The dilemma – you want a healthy dinner … but you don’t feel like cooking.
So you’ve just got in after work, you’ve had a long day, and you don’t feel like cooking. Or maybe you feel off color but you’re still hungry. Or maybe you’ve run out of energy after running round after a toddler all day.
You recognize the situation I’m sure, or something very similar. We all have days like that. It’s the day when healthy eating resolutions can go out of the window because you just want to eat without cooking, or you want something sugary to cheer yourself up. Deep down though you know that a healthy meal will be better for you in the long run. If you snack on junk food or get a takeaway you won’t feel better and you might even have feelings of guilt or failure that you’ve ruined a healthy diet. Of course one takeaway doesn’t ruin a healthy diet, but if it happens too often, things can start to slip.
So here are my top tips to help out with healthy dinners on those evenings where you want the meal to be low or no effort:
- Keep packets of frozen vegetables in – the ones you steam for a couple of minutes in the microwave. They have just as many vitamins as fresh vegetables and ironically may be fresher.
- Baked potatoes – a potato will do in the microwave in 15 minutes. Use as an accompaniment or top with cottage cheese and chives for a main meal.
- A tin of baked beans is invaluable. Heat up in a pan for 5 minutes, or 2 minutes in the microwave.

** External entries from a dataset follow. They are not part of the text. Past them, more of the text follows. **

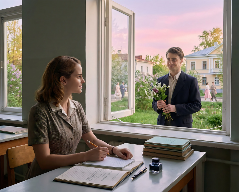 Весна на заречной улице, с актёрами -Гарри Поттер и Гермиона Поттер. Alex Savchenco и Helen Sergeevna. Алекс пришёл к Хелен пригласить на свидание, ведь для него она не учительница, а любимая. Harry and Hermione FOREVER!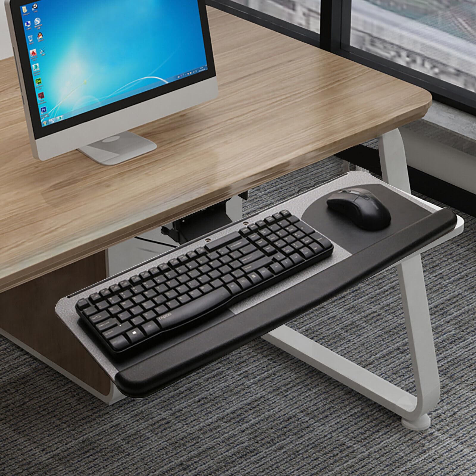 Diese höhenverstellbare Tastaturablage macht jeden Schreibtisch ergonomischer! Mit 65x25,5cm Größe bietet sie Platz für Tastatur, Maus und Kleinkram. Die Höhe lässt sich stufenlos einstellen, genauso wie der Winkel - bis zu 360° drehbar! Aus hochwertigem kaltgewalztem Stahlblech mit 3,0mm Stärke und bis zu 50kg Belastung. Die 300mm Gleitschienen laufen super leicht und wenn du nicht tippst, schiebst du sie einfach unter den Tisch. Perfekt fürs Büro, Homeoffice oder Gaming-Setup. Einfache Montage ohne Spezialwerkzeug - alles dabei. Macht das Tippen viel angenehmer und beugt Rückenproblemen vor. Endlich mehr Platz auf dem Schreibtisch und eine gesündere Sitzposition!
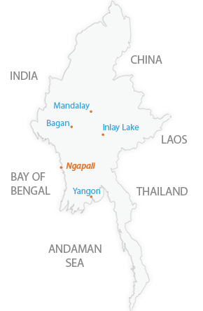 Ngapali Beach is one of the famous land for resort, and second largest beach in the Southeast Asia. The sunset of Ngapali Beach is beyond description, an experience for any visitor to Ngapali Beach. The place itself is very pleasant, natural and unspoilt – a place for peace and tranquility- the best ground for sunbathing and recreation such as beach strolling, cycling etc.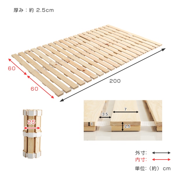すのこベッド セミダブル ロール式 檜 木製 天然木 ひのき すのこ ベッド 収納 ( ロール 折りたたみベッド すのこマット ベット ヒノキ 除湿 すのこベット スノコベッド 湿気 カビ ダニ 対策 折り畳み )

Serve on wholemeal toast, or with baked potato and grated cheese.
- Always have some eggs in the fridge. It’s easy to whip up scrambled eggs on toast, or a quick omelette with something like cheese, ham, mushroom, or tomato.

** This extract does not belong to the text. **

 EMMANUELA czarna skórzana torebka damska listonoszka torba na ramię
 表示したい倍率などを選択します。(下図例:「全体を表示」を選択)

- Keep some breaded chicken or fish fillets in the freezer, which cook in about 20 minutes in the oven. Serve with low fat oven chips which can go on the same tray in the oven, together with baked beans or frozen vegetables. Choose breaded rather than battered products as they are healthier, and try and avoid the budget ranges as the quality of meat will not be very high.
- Keep a carton of fresh soup in the fridge, or tins of soup in the cupboard. Simply heat up and serve with fresh bread. Watch the salt content of the soup as it can be high.
- Investigate the supermarket ready meals section. Most of them do healthier ranges these days. Buy a couple and keep them in the freezer for emergencies. Make sure they can be cooked from frozen in the oven.
Just remember, if you give in and order a takeaway its not the end of the world. Just make sure it doesn’t happen every day!